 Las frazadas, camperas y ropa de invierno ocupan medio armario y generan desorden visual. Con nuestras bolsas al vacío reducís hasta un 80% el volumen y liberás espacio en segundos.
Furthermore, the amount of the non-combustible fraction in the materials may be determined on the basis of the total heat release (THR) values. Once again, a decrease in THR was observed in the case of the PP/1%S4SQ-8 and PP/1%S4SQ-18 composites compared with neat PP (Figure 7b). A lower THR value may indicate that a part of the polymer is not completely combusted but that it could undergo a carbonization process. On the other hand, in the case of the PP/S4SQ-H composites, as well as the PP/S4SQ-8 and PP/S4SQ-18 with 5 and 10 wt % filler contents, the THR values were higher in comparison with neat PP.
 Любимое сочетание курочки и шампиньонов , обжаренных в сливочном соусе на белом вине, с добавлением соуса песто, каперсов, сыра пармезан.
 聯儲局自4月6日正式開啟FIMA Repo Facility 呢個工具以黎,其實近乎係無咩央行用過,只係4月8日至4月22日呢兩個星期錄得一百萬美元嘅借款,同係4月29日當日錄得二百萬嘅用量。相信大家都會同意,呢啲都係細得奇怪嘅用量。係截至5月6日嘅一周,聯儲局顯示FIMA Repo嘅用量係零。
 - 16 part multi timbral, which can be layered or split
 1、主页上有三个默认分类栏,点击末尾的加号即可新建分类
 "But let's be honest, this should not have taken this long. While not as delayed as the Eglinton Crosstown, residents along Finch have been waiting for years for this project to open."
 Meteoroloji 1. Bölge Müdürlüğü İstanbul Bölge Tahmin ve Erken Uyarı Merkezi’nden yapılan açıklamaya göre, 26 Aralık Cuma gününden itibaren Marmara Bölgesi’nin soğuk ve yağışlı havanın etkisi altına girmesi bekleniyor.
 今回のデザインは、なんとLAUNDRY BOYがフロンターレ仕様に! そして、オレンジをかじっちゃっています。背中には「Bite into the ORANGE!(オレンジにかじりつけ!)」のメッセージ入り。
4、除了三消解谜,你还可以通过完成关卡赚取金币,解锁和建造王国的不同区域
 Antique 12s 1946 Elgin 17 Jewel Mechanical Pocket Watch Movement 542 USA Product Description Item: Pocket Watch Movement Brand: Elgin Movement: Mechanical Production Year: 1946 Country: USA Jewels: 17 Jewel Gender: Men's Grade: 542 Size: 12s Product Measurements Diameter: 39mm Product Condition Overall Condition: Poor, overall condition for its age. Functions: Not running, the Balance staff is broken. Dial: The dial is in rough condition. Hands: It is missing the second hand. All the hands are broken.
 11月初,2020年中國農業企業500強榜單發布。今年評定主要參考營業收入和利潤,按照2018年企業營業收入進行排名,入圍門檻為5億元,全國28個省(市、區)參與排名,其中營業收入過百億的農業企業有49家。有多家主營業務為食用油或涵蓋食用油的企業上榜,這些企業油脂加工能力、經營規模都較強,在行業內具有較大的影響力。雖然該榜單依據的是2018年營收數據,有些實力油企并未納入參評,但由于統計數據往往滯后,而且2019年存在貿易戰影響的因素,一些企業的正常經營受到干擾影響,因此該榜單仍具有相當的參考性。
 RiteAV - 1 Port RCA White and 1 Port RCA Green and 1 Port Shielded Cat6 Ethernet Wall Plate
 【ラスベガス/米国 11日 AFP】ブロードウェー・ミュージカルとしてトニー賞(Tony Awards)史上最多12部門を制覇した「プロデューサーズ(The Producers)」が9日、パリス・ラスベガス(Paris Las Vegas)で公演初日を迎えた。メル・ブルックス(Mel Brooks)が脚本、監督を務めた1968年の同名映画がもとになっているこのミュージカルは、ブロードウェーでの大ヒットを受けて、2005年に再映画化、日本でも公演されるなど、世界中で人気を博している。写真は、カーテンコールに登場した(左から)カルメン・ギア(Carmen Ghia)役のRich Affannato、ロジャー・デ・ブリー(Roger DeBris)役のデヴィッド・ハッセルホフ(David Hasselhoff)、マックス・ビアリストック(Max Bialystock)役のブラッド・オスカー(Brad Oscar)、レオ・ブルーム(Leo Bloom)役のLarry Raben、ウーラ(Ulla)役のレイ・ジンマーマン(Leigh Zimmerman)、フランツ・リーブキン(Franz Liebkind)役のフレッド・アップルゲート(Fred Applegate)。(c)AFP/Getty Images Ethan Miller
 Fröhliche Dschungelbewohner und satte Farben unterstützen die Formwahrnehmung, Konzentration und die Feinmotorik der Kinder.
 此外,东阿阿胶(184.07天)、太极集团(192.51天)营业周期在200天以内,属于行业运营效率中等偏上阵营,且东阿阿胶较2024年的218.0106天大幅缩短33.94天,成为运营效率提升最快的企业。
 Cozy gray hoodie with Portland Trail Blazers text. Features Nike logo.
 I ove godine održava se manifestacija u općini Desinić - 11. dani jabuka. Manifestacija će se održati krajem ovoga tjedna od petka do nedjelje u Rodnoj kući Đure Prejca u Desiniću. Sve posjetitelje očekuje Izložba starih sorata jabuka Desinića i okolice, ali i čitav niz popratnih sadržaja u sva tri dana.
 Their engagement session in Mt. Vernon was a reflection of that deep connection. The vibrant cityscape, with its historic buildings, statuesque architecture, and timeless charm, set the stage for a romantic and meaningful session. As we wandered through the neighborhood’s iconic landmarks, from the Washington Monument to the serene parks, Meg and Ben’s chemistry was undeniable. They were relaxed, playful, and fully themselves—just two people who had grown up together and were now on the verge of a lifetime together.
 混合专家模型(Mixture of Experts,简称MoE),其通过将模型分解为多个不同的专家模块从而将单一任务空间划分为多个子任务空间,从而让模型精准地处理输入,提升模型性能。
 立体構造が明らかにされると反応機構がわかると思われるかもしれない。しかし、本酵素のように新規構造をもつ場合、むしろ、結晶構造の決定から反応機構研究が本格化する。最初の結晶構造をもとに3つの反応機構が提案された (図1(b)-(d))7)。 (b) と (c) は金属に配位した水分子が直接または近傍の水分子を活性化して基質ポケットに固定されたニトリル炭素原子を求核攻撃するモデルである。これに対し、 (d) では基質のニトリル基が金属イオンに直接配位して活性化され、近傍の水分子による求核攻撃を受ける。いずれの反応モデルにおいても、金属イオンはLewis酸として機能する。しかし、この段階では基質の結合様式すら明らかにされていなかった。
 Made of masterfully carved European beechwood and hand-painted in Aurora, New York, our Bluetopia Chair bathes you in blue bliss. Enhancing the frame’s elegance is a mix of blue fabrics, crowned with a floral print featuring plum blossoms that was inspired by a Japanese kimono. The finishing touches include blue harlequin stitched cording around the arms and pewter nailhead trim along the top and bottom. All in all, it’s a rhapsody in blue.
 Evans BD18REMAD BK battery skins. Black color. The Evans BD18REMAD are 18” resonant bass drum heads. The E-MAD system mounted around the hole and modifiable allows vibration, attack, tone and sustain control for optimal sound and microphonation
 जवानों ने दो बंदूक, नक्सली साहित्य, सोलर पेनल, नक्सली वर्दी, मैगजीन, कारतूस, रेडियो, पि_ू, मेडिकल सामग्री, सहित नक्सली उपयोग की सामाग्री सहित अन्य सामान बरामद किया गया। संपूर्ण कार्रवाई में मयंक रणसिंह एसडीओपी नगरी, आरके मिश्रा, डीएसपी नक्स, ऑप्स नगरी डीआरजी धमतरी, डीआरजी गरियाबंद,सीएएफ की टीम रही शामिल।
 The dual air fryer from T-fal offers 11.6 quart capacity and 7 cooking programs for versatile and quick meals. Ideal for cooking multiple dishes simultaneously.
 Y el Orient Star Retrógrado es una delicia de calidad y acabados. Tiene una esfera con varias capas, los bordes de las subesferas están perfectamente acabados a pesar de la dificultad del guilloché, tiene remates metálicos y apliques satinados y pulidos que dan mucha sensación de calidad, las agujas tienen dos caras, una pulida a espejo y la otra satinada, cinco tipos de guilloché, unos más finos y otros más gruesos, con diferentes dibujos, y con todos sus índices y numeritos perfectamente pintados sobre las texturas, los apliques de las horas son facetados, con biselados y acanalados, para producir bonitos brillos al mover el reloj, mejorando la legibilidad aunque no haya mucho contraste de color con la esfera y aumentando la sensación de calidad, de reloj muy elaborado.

■ **Activity**
Find the string "around" in the data. Report each line it appears in.

■ **Reply to the task**
 Made of masterfully carved European beechwood and hand-painted in Aurora, New York, our Bluetopia Chair bathes you in blue bliss. Enhancing the frame’s elegance is a mix of blue fabrics, crowned with a floral print featuring plum blossoms that was inspired by a Japanese kimono. The finishing touches include blue harlequin stitched cording around the arms and pewter nailhead trim along the top and bottom. All in all, it’s a rhapsody in blue.
 Evans BD18REMAD BK battery skins. Black color. The Evans BD18REMAD are 18” resonant bass drum heads. The E-MAD system mounted around the hole and modifiable allows vibration, attack, tone and sustain control for optimal sound and microphonation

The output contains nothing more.